[Beowulf] Torrents for HPC

Fri Jun 8 17:06:19 PDT 2012

I've built Myrinet, SDR, DDR, and QDR clusters ( no FDR yet), but I 
still have users whose use cases and budgets still only justify GigE.

I've setup a 160TB hadoop cluster is working well, but haven't found 
justification for the complexity/cost related to lustre.  I have high 
hopes for Ceph, but it seems not quite ready yet.  I'd happy to hear 
otherwise.

A new user on one of my GigE clusters submits batches of 500 jobs that 
need to randomly read a 30-60GB dataset.  They aren't the only user of 
said cluster so each job will be waiting in the queue with a mix of others.

As you might imagine that hammers a central GigE connected NFS server 
pretty hard.  This cluster has 38 computes/304 cores/608 threads.

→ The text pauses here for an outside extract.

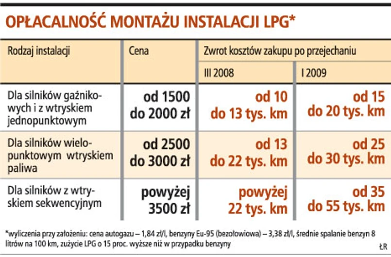 Aby montaż instalacji przestał być opłacalny, cena litra gazu musi przekroczyć 60 proc. ceny litra benzyny. Obecnie jest to 54,5 proc. (w 2007 roku 49 proc., a w I półroczu 2008 r. - 51 proc.). Analitycy przekonują, że korzystna relacja cenowa między LPG a etyliną utrzyma się minimum kilka lat.

I thought torrent might be a good way to publish such a dataset to the 
compute nodes (thus avoiding the GigE bottleneck).  So I wrote a 
small/simple bittorrent client and made a 16GB example data set and 
measured the performance pushing it to 38 compute nodes:
     http://cse.ucdavis.edu/bill/btbench-2.png

The slow ramp up is partially because I'm launching torrent clients with 
a crude for i in <compute_nodes> { ssh $i launch_torrent.sh }.

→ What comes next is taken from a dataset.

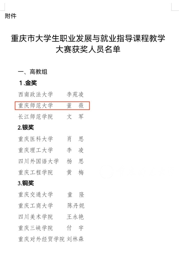 近日,重庆市教育委员会公布《重庆市教育委员会关于全市大学生职业发展与就业指导课程教学大赛获奖情况的通报》,beat365官网学生生涯发展中心董薇老师荣获大赛金奖,并被市教委推荐参加全国总决赛。

I get approximately 2.5GB/sec sustained when writing to 38 compute 
nodes.  So 38 nodes * 16GB = 608GB to distribute @ 2.5 GHz sec = 240 
seconds or so.

The clients definitely see MUCH faster performance when access a local 
copy instead of a small share of the performance/bandwidth of a central 
file server.

Do you think it's worth bundling up for others to use?

This is how it works:
1) User runs publish <directory> <name> before they start submitting
    jobs.
2) The publish command makes a torrent of that directory and starts
    seeding that torrent.
3) The user submits an arbitrary number of jobs that needs that
    directory.  Inside the job they "$ subscribe <name>"
4) The subscribe command launches one torrent client per node (not per j
    job) and blocks until the directory is completely downloaded
5) /scratch/<user>/<name> has the users data

Not nearly as convenient as having a fast parallel filesystem, but seems 
potentially useful for those who have large read only datasets, GigE and 
NFS.

Thoughts?